For the first time they penetrate through the Alpine passes, which Catulus had failed to fortify, into northern Italy.
Catulus withdraws behind the Po River, leaving the countryside open to the invaders.
But the Cimbri take their time ravishing the fertile region, which gives Marius time to arrive with reinforcements—his same victorious legions from Aquae Sextiae.
At Vercellae, near the confluence of the Sesia River with the Po on the Raudine Plain, the superiority of the new Roman legions and their cavalry is clearly demonstrated.
In the devastating defeat, the Cimbri are virtually annihilated, and both their highest leaders, Boiorix and Lugius, fall.
The women kill both themselves and their children in order to avoid slavery.
Thus the war, which had begun with a mass migration, ends in defeat and mass suicide.
The Romans supposedly killed one hundred and forty thousand of the barbarian invaders, and took captive more than fifty thousand.
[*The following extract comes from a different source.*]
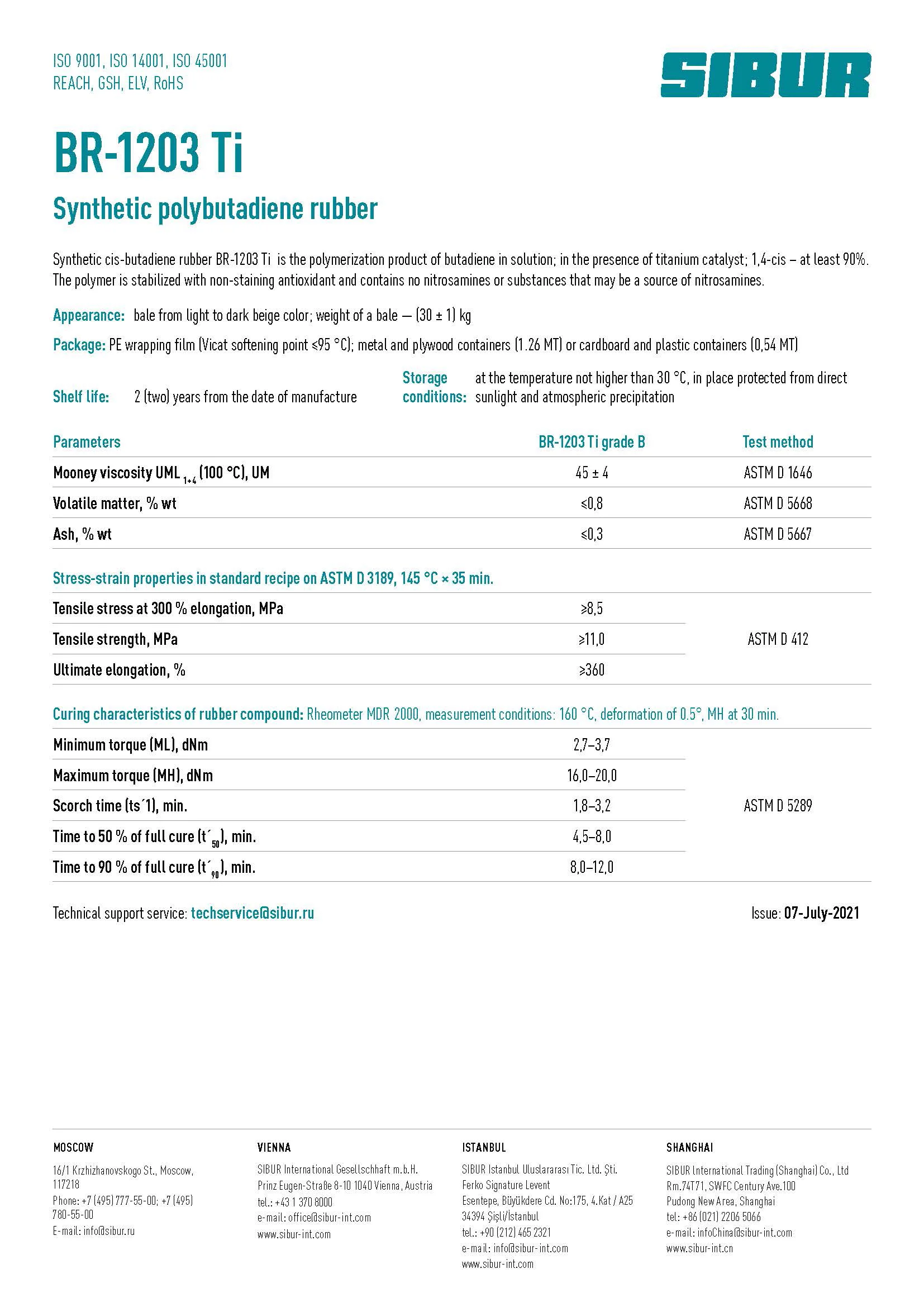 Synthetic cis-butadiene rubber BR-1203 Ti is the polymerization product of butadiene in solution; in the presence of titanium catalyst; 1,4-cis - at least 90%. The polymer is stabilized with non-staining antioxidant.
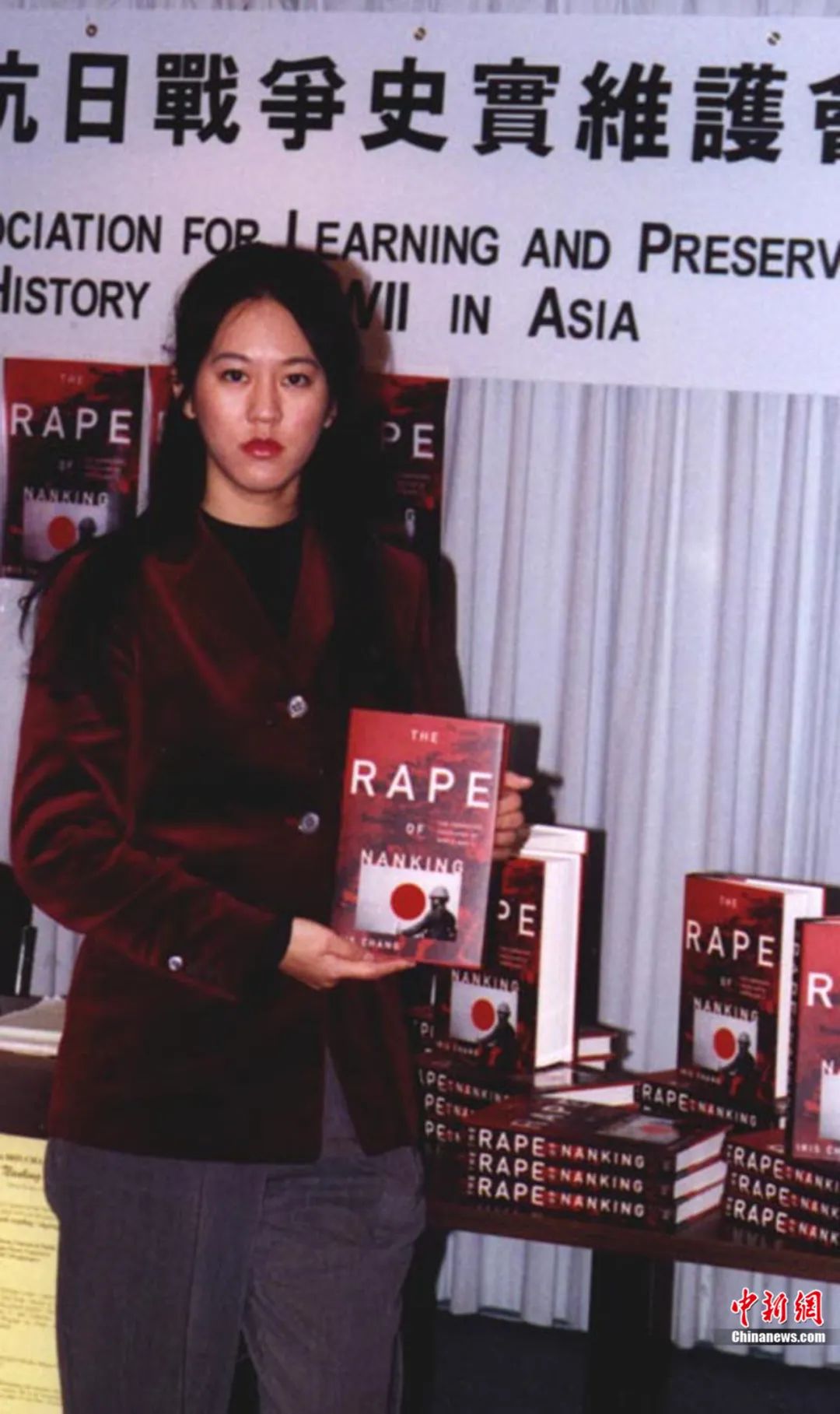 美國(guó)華裔作家張純?nèi)缗c她的著作《南京暴行——被遺忘的大屠殺》。鐘欣 攝

Sulla had served on Marius' staff as tribunus militum during the first half of this campaign, but by 101 had transferred to the army of Catulus to serve as his legatus, and is credited as being the prime mover in the defeat of the tribes (Catulus being a hopeless general and quite incapable of cooperating with Marius).
Contemporaries assign more credit for the victory to Marius than to Catulus.
Despite their joint success, the two commanders regard each other as bitter rivals and after the war build competing temples to demonstrate divine favor.